Y según la edad de los pequeños a quienes estos libros estén destinados, veremos múltiples maneras de ilustrar una historia, que a veces puede contarse sin palabras, esto es, sola y puramente con imágenes. Veremos en muchos de estos ilustradores la influencia de algunas corrientes o particulares expresiones artísticas, como el surrealismo, el pop art, el expresionismo, el impresionismo, la caricatura, el manga, el graffiti…
Entre los mexicanos, puedo citar a Gabriel Pacheco, un artista de técnica e imaginación espléndidas cuyas ilustraciones son impecables y de una característica y brumosa melancolía. El francés Benjamin Lacombe ha realizado hermosos libros que “ilustran” no sólo cuentos para niños, sino también óperas y biografías, como la de Frida Kahlo; Lacombe se ha convertido en un artista de culto entre los coleccionistas de libros para niños, a pesar o gracias a su exquisita cursilería. Hay que ver las intrincadas arquitecturas geométricas y los entes mecánicos del australiano Shaun Tan, que rememoran el orbe onírico de Max Ernst, y las insuperables composiciones del ruso Gennady Spirin, muchas de cuyas tumultuosas acuarelas recuerdan las escenas nevadas de Brueghuel el Viejo.
¿Y cómo dejar de citar “Donde viven los monstruos”, del estadounidense Maurice Sendak, quien fracturó en 1963, año de la publicación de su cuento, los estándares de moralidad que entonces imperaban en los EUA? La historia y sus ilustraciones, ambas obra de Sendak, resultan hoy entrañables para muchísimos lectores que amamos los libros “infantiles”.
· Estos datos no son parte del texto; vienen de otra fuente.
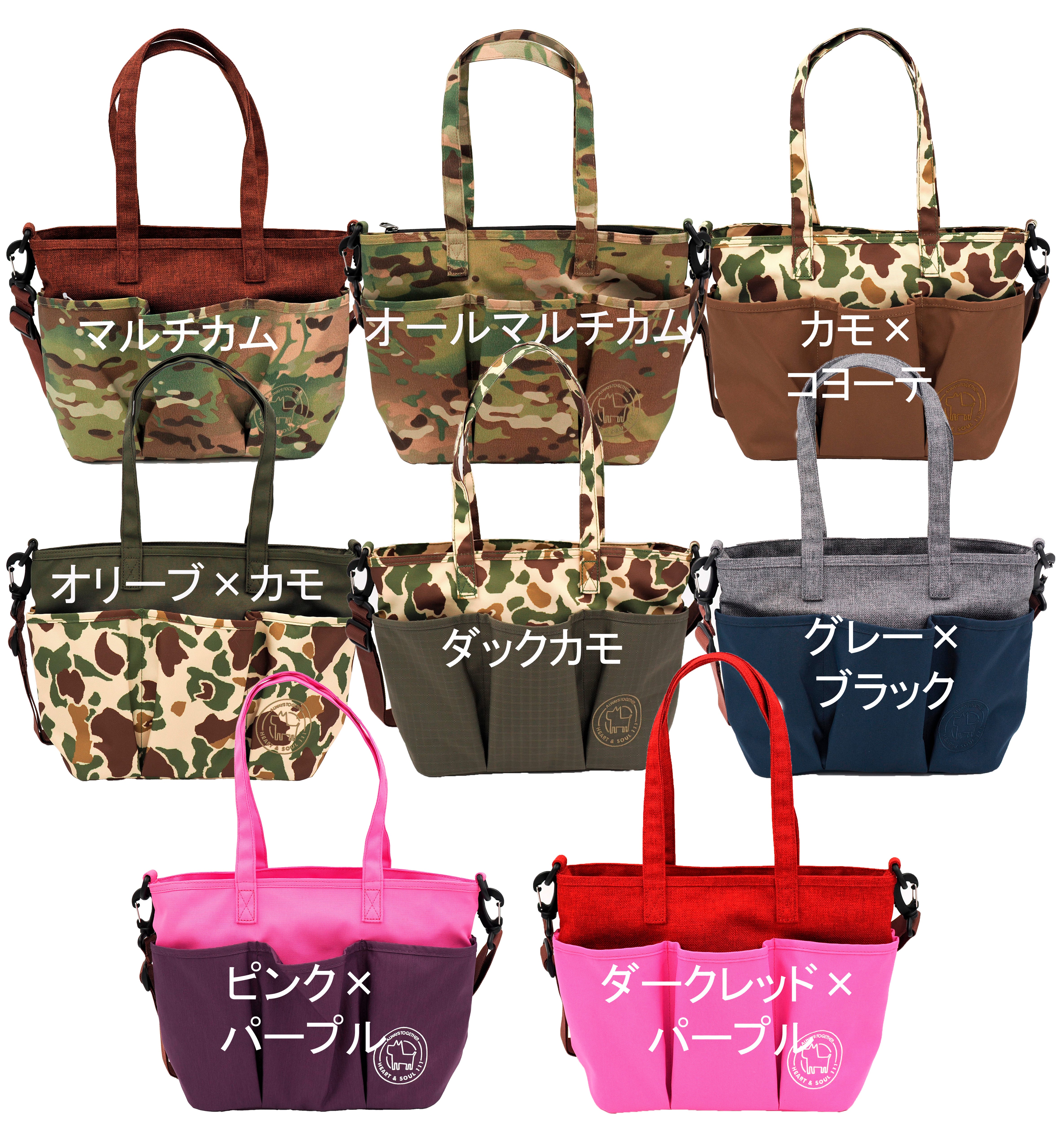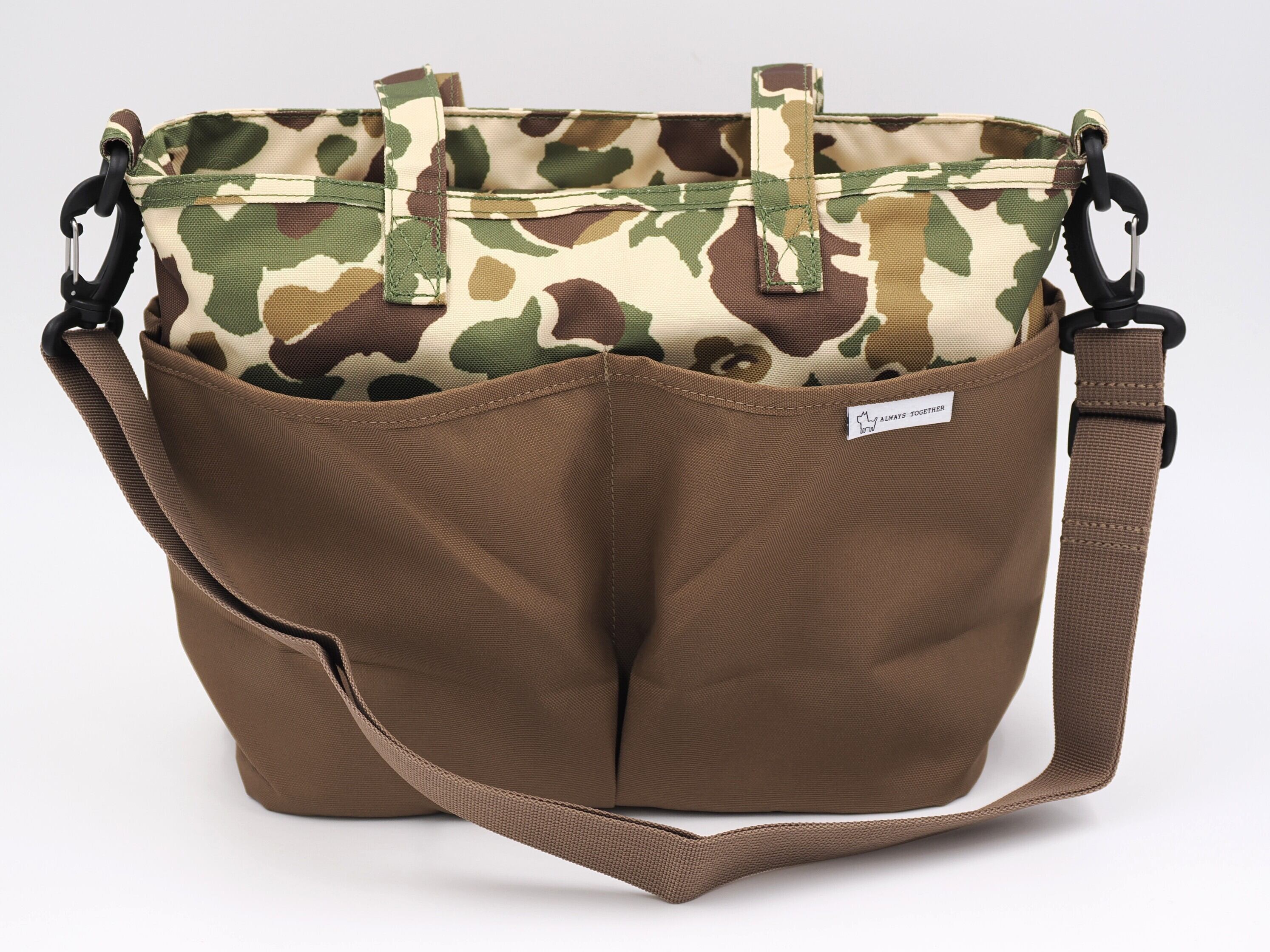 人気のお散歩マルチバッグの【新色・刺繍バージョン】です。【プリントバージョン】で一番人気だったマルチカムに加えて、新しいダッグハンターカモが仲間入りしました。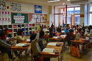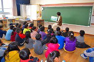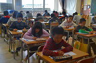 | 授業が始まり、真剣な眼差しで先生のお話をよく聞いていました。また、模造紙にグループでまとめているクラスもありました。 | |||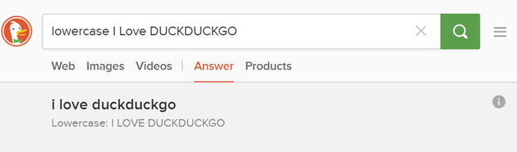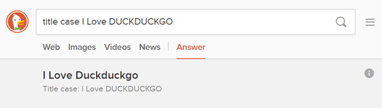 Άλλο ένα χαρακτηριστικό των απαντήσεων της DuckDuckGo είναι η μετατροπή κειμένου σε κεφαλαία ή πεζά.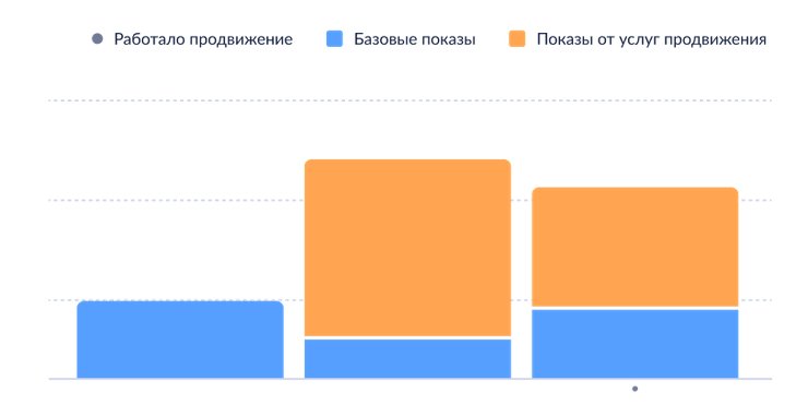 Оцените точный эффект от продвижения в прозрачной статистике показов объявлений. Данные разделены: вы видите периоды с подключенным продвижением и просто базовые показы.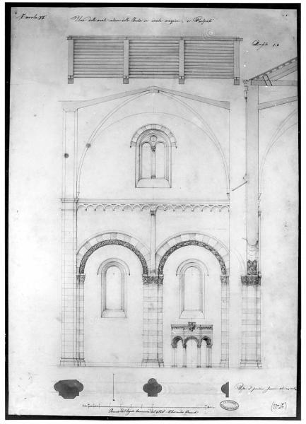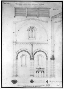Particolare di una arcata interna di chiesa con murature sezionate in acquarello rosa, parti in pietra a tratteggio in matita, parti in legno colorate in giallo e parti in ferro della struttura del tetto in inchiostro blu. In alto disegno del particolare della copertura e a ds. sezione della muratura e in parte della copertura.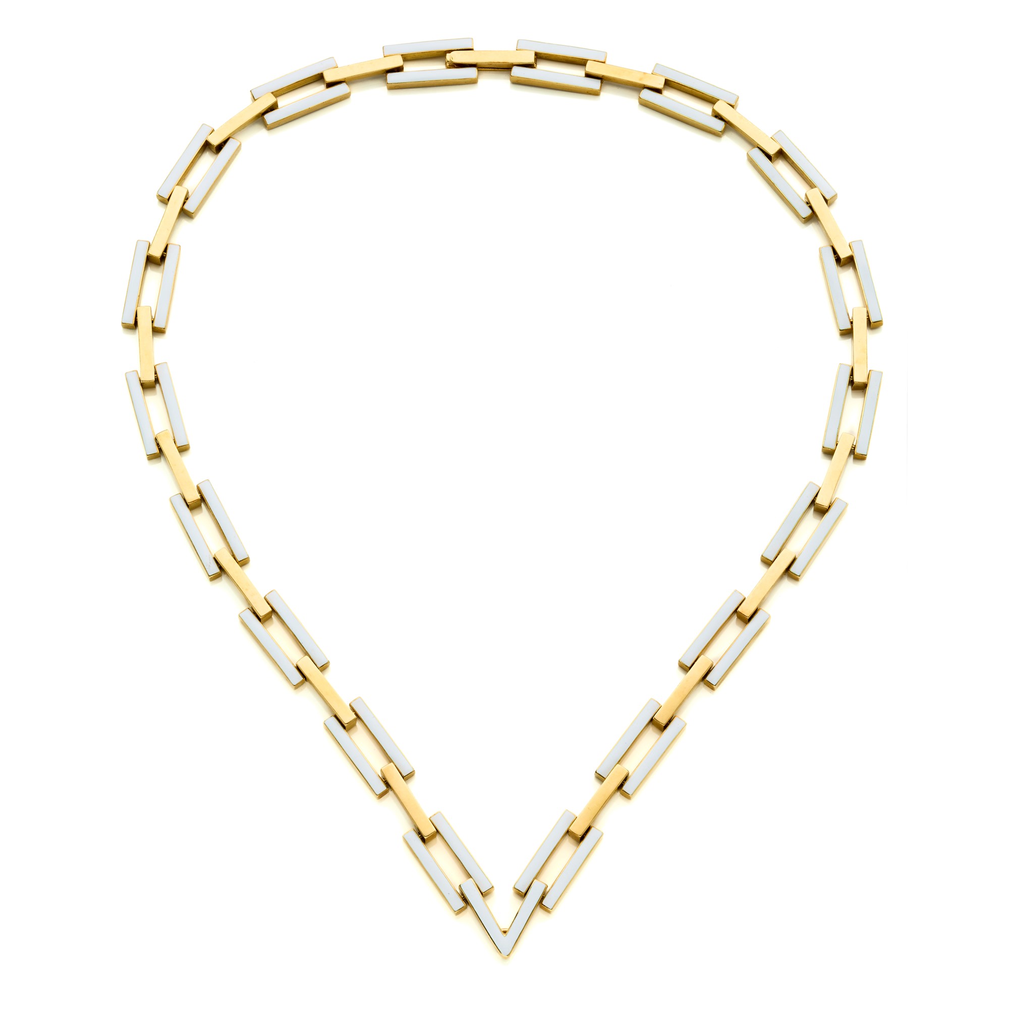 18 Kt 1970s yellow gold and white enamel modular necklace signed Webb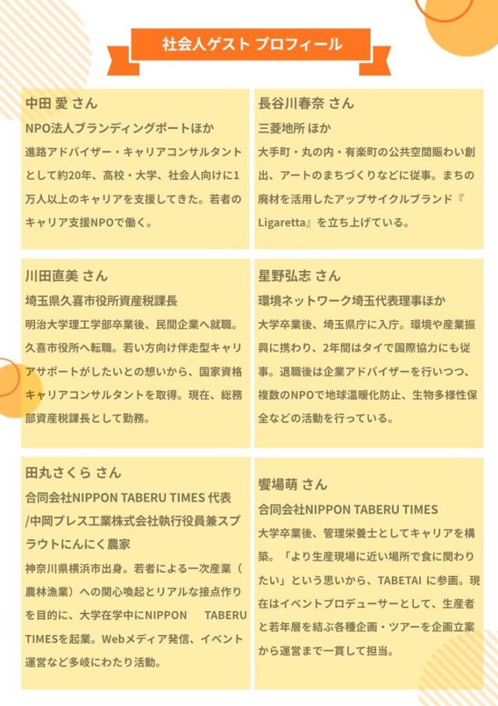 NPO・自治体・民間企業、街づくり・農業・環境保全活動まで様々なソーシャルグッドな社会人のお話が聞けます!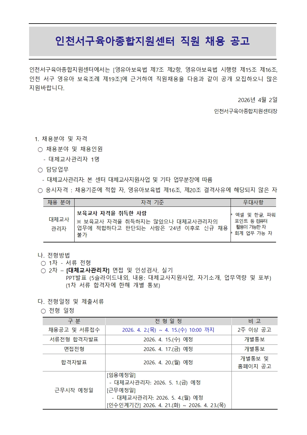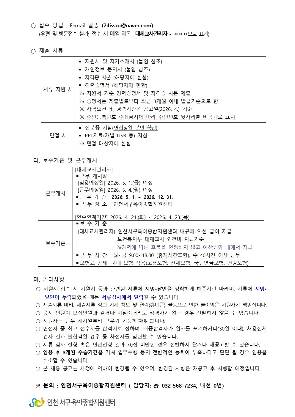 [인천서구육아종합지원센터] 직원(대체교사관리자) 채용 공고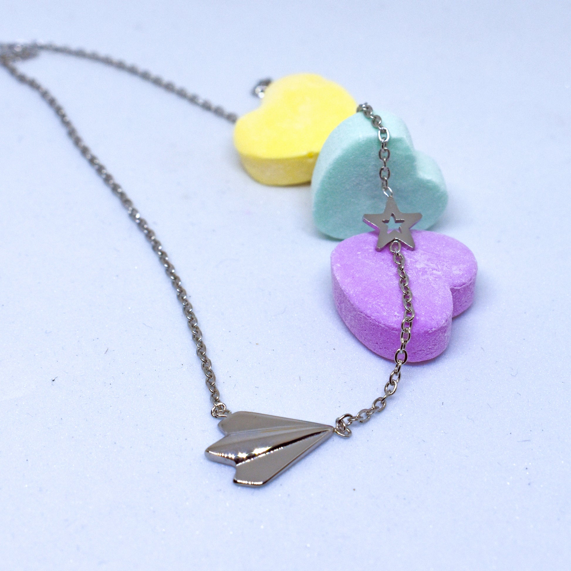 A paper airplane chases the outline of a shining star, aiming to soar higher into the sky just like you do. A cute, feminine necklace with a subtle nod to your love of the sky, it is sure to get compliments. It is available in gold, silver or rose gold, so pick your or your aviatrix's favorite color to match wardrobe or mood.

Pero también se cuenta con excelentes ilustradoras. He aquí algunos nombres: Teresa Martínez, Cecilia Rébora, Lady Orlando, Nicoletta Ceccoli, Angela Barrett, Ana María Muñoz Reyes y muchas más.
La ilustración de libros para niños y adolescentes de ningún modo sustituye la historia que se narra, pero nutre y a veces ensancha nuestra comprensión de su lectura, y aún más, suele bordar, de manera subterránea y en cierto sentido, una historia paralela a la que se cuenta. Por eso, casi ningún ilustrador es “inocente”: por más fantástico que el cuento sea, un artista sabe encontrar la forma de ubicarnos en un contexto determinado, por anacrónico que parezca. Sabe también que, más tarde o más temprano, los niños comprenderán por qué un cartel nazi amenaza desde la pared texturada de un caserón gótico o la razón por la cual “un monstruo” puede ser la representación de nuestros temores germinales.